Abraham Lincoln’s devotion to the ideals of the Founding Fathers profoundly shapes our lives even today. Lincoln believed, as did Thomas Jefferson, that the United States was earth’s last “best hope” for the liberty of man. These were Jefferson’s words in his March 1801 inaugural address and Lincoln’s in his December 1862 message to congress. And Lincoln believed that in order to provide Life, Liberty, and Happiness to its own citizens and to project the ideals of freedom and equality throughout the world, it was paramount that the United States have economic and political power - and that required the strength of union.
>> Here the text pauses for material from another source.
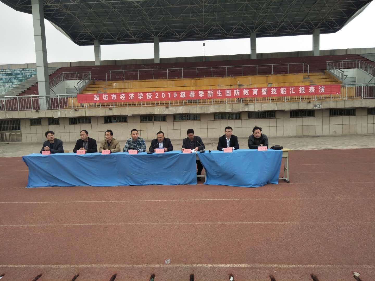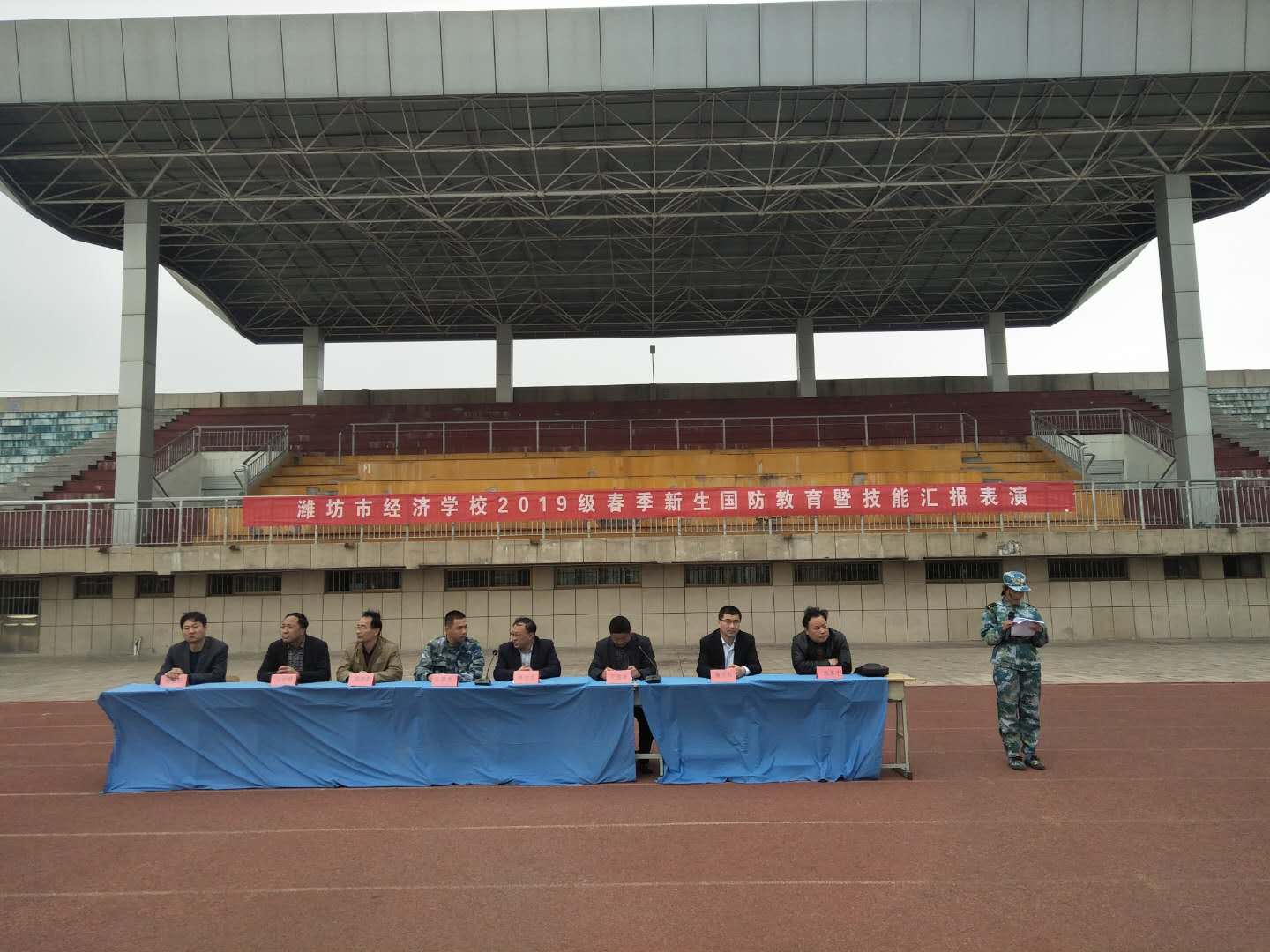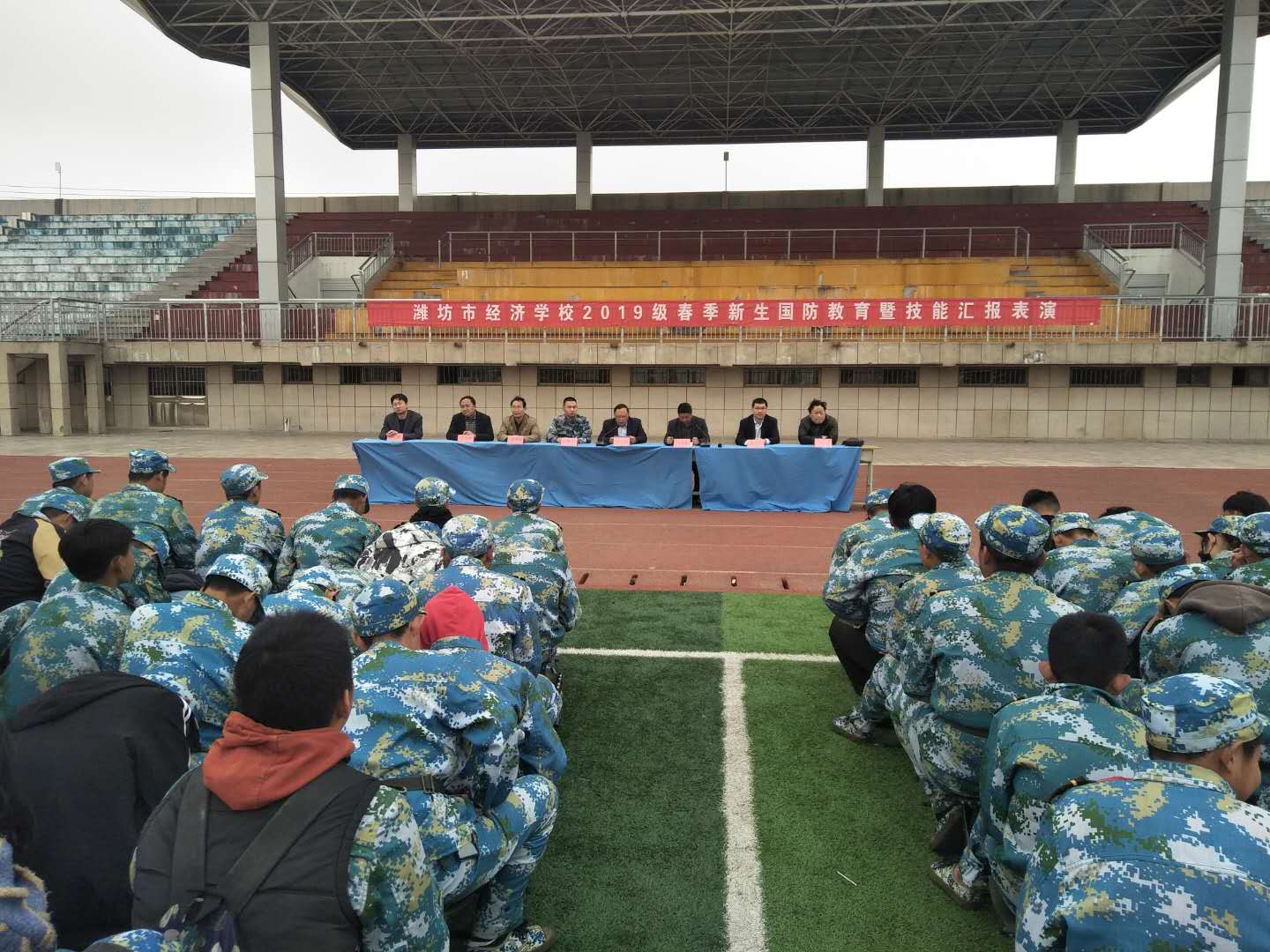 3月29日,潍坊市经济学校2019级新生国防教育暨技能汇报表演在田径运动场隆重举行。学校领导唐德良同志、军训教官及全体新生、部分家长参加了本次大会。大会由王海涛处长主持。

In his 1852 eulogy in Springfield, Illinois, on the death of Henry Clay, Lincoln said, “Feeling, as he [Clay] did, and as the truth surely is, that the world’s best hope depended on the continued Union of these States, he was ever jealous of, and watchful for, whatever might have the slightest tendency to separate them…. He burned with a zeal for its [the nation’s] advancement, prosperity and glory, because he saw in such, the advancement, prosperity and glory, of human liberty, human right and human nature. He desired the prosperity of his countrymen partly because they were his countrymen, but chiefly to show the world that freemen could be prosperous.” More than one hundred forty years later, our prosperity, our lives, liberty, and our happiness owe much to Abraham Lincoln’s presidential policies - often predicated on the ideals proclaimed in Pennsylvania at the birth of our nation.

Today, the Tomb of the Unknown Soldier of the American Revolution lies in Washington Square in downtown Philadelphia, only two blocks southwest of Independence Hall where Lincoln declared that something in the Declaration of Independence gave liberty and hope to all people for all time. The Unknown Soldier’s sarcophagus is inscribed: “Beneath this stone rests a soldier of Washington’s army who died to give you liberty.” Separated by fourscore and seven years, the Unknown Soldier and Abraham Lincoln are bound together by vision and sacrifice. Both lived with the words of Thomas Jefferson ringing in their ears. Both died to give us liberty.